● **REQUIRED ACTION**
Only the text of the entries below should be returned, exactly as given, without pictures.

● **GIVEN DATA**
-- Opening Marker --
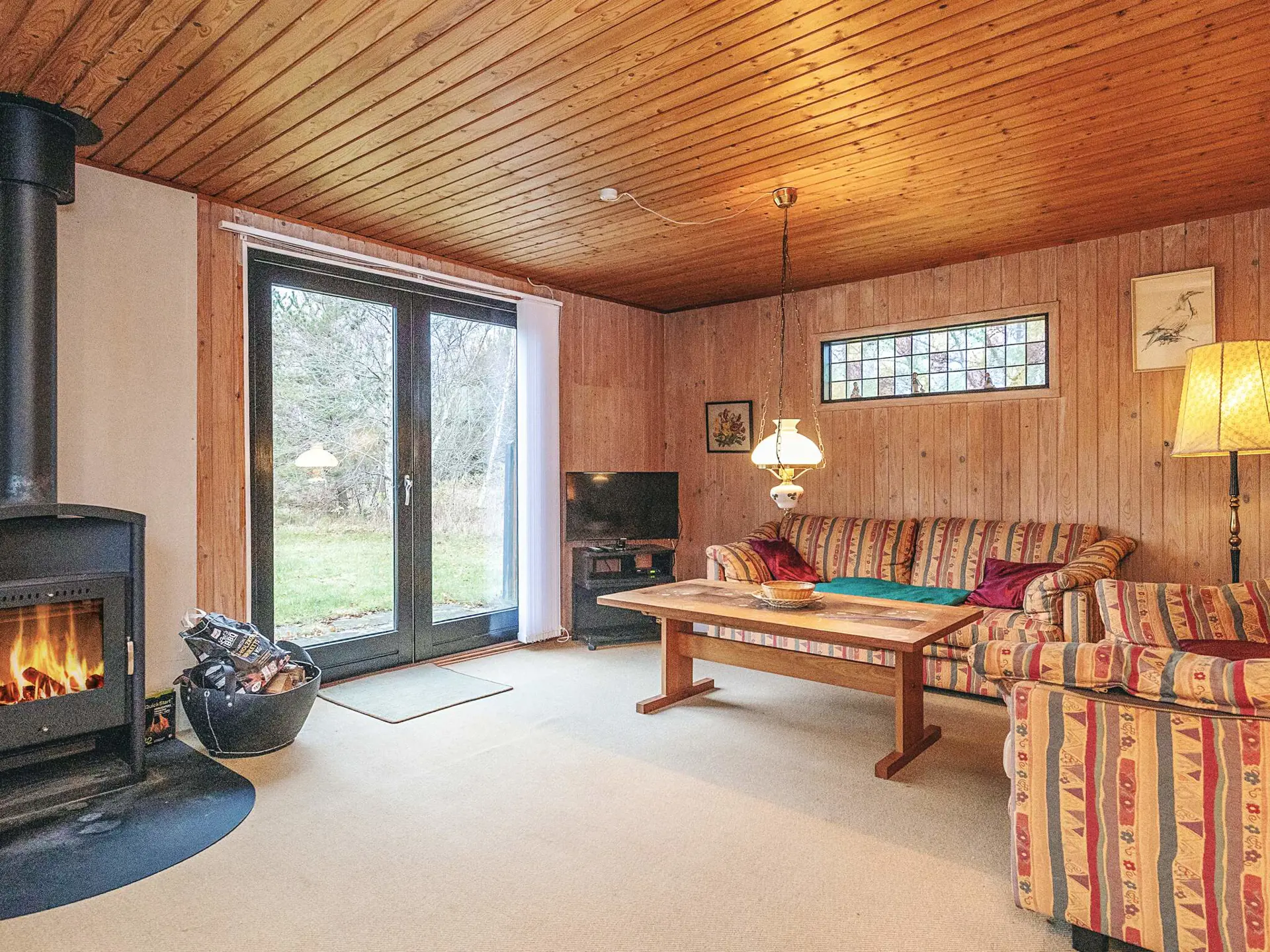 Es bietet auf ca. 57 m² eine Küche mit Kühlschrank, Herd und Kaffeemaschine sowie ein Wohnzimmer mit Esstisch, Sofa, Fernseher und einem gemütlichen Kaminofen. Außerdem gibt es ein Badezimmer mit Dusche und zwei Schlafzimmer; eines mit Doppelbett, das andere mit zwei Kojen im Etagenbett.
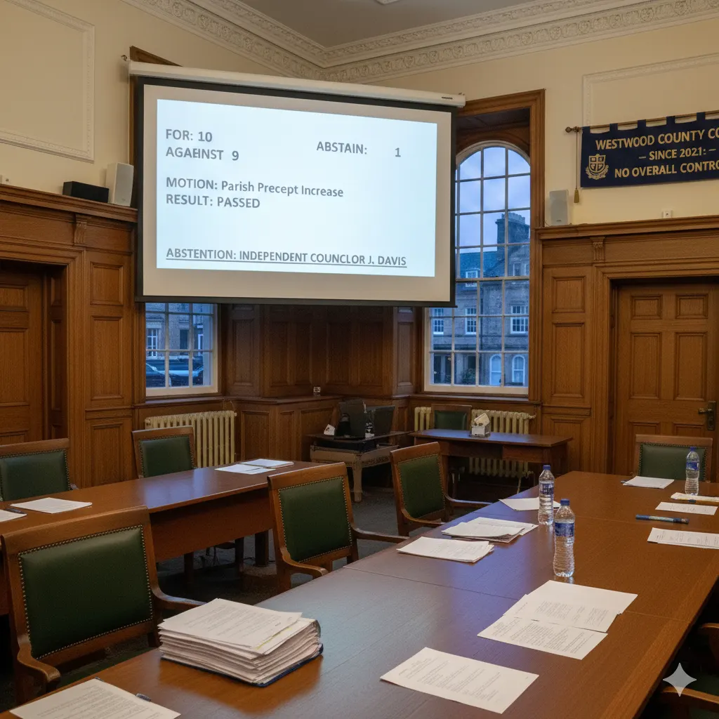 One abstention came from an independent councillor citing unresolved queries on parish precept impacts. The narrow margin underscores the council’s hung status, with no overall control since 2021 elections.
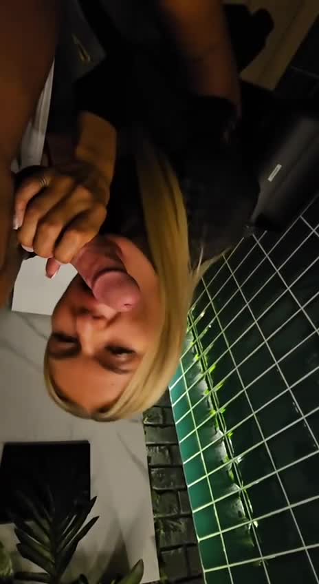 Жадно отсасывает,красиво. А за дверью слышны разговоры парней и девушек.
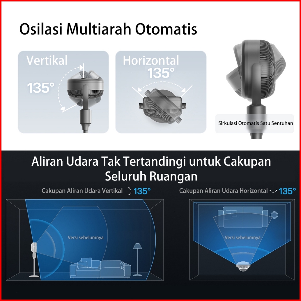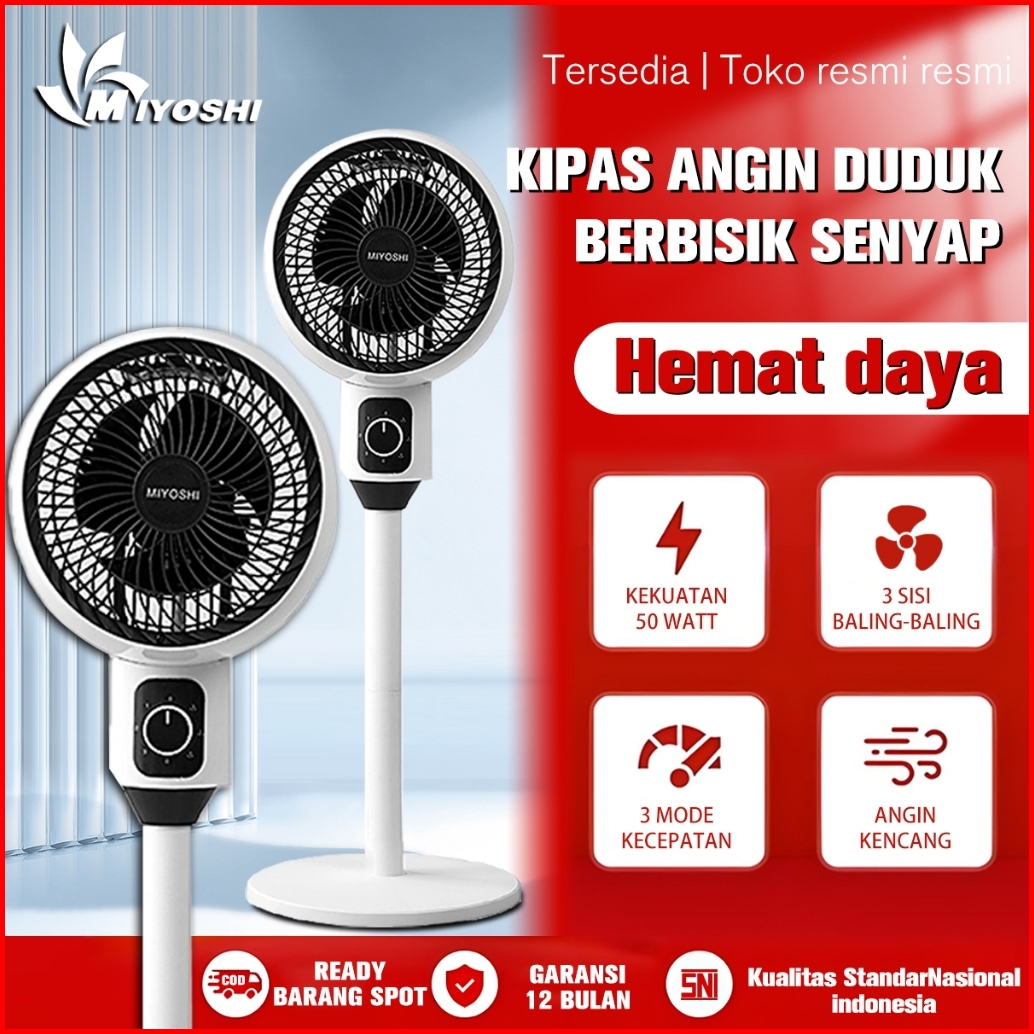 Kipas Angin Berdiri Rotation Fan Minimalis Stand Fan 180 Derajat 9 Inch Jangkauan Jauh Stand Fan Low Noise
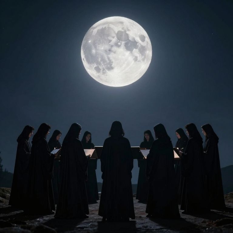 Under the watchful gaze of a luminous moon, a circle of cloaked figures stands in solemn reverence, their silhouettes forming a celestial orchestra that whispers ancient secrets and echoes the timeless rhythm of existence.
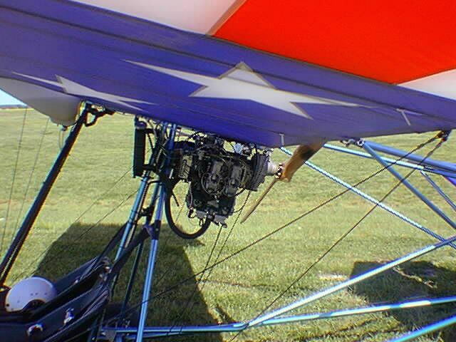 The engine mount is upside down, with a 582, dual carb, oil injection and a B box with a Tennessee prop. Performance is great due to the relative power to weight, no electric start and such.
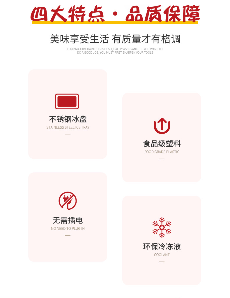 1.本产品无需用电!物理制冰。
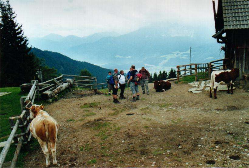 In der Wochenmitte wurde von einem Teil der Gruppe die Almen und Wälder der Kreuther Höhen erforscht, wobei es auch zu schönen Erlebnissen mit Einheimischen kam. Ein anderer Teil der Mannschaft versuchte sich bei etwas ungünstiger Witterung an den massiven Felsmassen des 2.280m hohen Trogkofels, ein nicht ungefährliches Unternehmen in an diesem Tag menschenleerer und rauer Gebirgswelt und für jene, die dabei waren, eine bleibende Erinnerung.
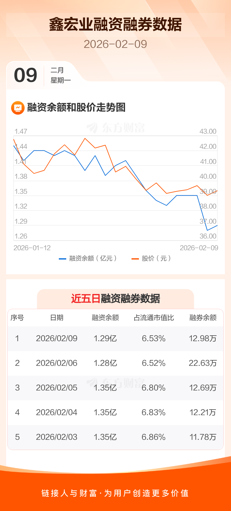 交易所最新数据显示,鑫宏业于2026年2月9日获融资买入634.66万元,融资偿还500.88万元,当日融资净买入133.79万元。目前,该股融资余额1.29亿,占流通市值比例为6.53%。
-- Closing Marker --
● **RESPONSE BOX**
 Es bietet auf ca. 57 m² eine Küche mit Kühlschrank, Herd und Kaffeemaschine sowie ein Wohnzimmer mit Esstisch, Sofa, Fernseher und einem gemütlichen Kaminofen. Außerdem gibt es ein Badezimmer mit Dusche und zwei Schlafzimmer; eines mit Doppelbett, das andere mit zwei Kojen im Etagenbett.
 One abstention came from an independent councillor citing unresolved queries on parish precept impacts. The narrow margin underscores the council’s hung status, with no overall control since 2021 elections.
 Жадно отсасывает,красиво. А за дверью слышны разговоры парней и девушек.
 Kipas Angin Berdiri Rotation Fan Minimalis Stand Fan 180 Derajat 9 Inch Jangkauan Jauh Stand Fan Low Noise
 Under the watchful gaze of a luminous moon, a circle of cloaked figures stands in solemn reverence, their silhouettes forming a celestial orchestra that whispers ancient secrets and echoes the timeless rhythm of existence.
 The engine mount is upside down, with a 582, dual carb, oil injection and a B box with a Tennessee prop. Performance is great due to the relative power to weight, no electric start and such.
 1.本产品无需用电!物理制冰。
 In der Wochenmitte wurde von einem Teil der Gruppe die Almen und Wälder der Kreuther Höhen erforscht, wobei es auch zu schönen Erlebnissen mit Einheimischen kam. Ein anderer Teil der Mannschaft versuchte sich bei etwas ungünstiger Witterung an den massiven Felsmassen des 2.280m hohen Trogkofels, ein nicht ungefährliches Unternehmen in an diesem Tag menschenleerer und rauer Gebirgswelt und für jene, die dabei waren, eine bleibende Erinnerung.
 交易所最新数据显示,鑫宏业于2026年2月9日获融资买入634.66万元,融资偿还500.88万元,当日融资净买入133.79万元。目前,该股融资余额1.29亿,占流通市值比例为6.53%。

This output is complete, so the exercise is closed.